Dataset entries:
%%

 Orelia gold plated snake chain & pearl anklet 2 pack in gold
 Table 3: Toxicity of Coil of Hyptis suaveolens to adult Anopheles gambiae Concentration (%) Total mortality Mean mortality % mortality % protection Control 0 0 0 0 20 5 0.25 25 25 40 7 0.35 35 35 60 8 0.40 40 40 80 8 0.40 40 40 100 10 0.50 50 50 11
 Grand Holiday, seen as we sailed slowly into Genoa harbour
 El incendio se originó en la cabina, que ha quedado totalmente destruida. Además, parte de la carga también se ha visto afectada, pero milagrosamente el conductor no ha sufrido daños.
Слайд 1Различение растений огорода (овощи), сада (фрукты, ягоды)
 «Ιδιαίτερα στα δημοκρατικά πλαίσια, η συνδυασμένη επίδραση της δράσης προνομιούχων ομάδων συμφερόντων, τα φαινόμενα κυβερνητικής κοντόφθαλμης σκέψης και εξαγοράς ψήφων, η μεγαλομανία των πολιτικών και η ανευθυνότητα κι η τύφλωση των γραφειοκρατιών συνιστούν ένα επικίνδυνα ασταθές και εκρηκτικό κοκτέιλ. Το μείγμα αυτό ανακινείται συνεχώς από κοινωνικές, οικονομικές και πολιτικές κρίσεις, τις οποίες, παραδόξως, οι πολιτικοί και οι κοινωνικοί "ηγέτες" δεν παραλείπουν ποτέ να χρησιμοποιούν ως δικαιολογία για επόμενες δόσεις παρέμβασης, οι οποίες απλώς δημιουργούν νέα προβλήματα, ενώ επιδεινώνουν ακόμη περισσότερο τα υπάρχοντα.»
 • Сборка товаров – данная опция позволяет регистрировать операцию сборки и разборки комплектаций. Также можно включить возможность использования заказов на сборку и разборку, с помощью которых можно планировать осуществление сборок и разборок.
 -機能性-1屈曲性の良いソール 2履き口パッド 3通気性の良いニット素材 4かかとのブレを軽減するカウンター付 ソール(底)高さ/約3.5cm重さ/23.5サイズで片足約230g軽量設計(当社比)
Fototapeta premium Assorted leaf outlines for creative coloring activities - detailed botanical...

%%

§ Problem requirements
Repeat each line of the data above, exactly as it appears, from the first through the line that contains "Table 3: Toxicity".

§ Output below
 Orelia gold plated snake chain & pearl anklet 2 pack in gold
 Table 3: Toxicity of Coil of Hyptis suaveolens to adult Anopheles gambiae Concentration (%) Total mortality Mean mortality % mortality % protection Control 0 0 0 0 20 5 0.25 25 25 40 7 0.35 35 35 60 8 0.40 40 40 80 8 0.40 40 40 100 10 0.50 50 50 11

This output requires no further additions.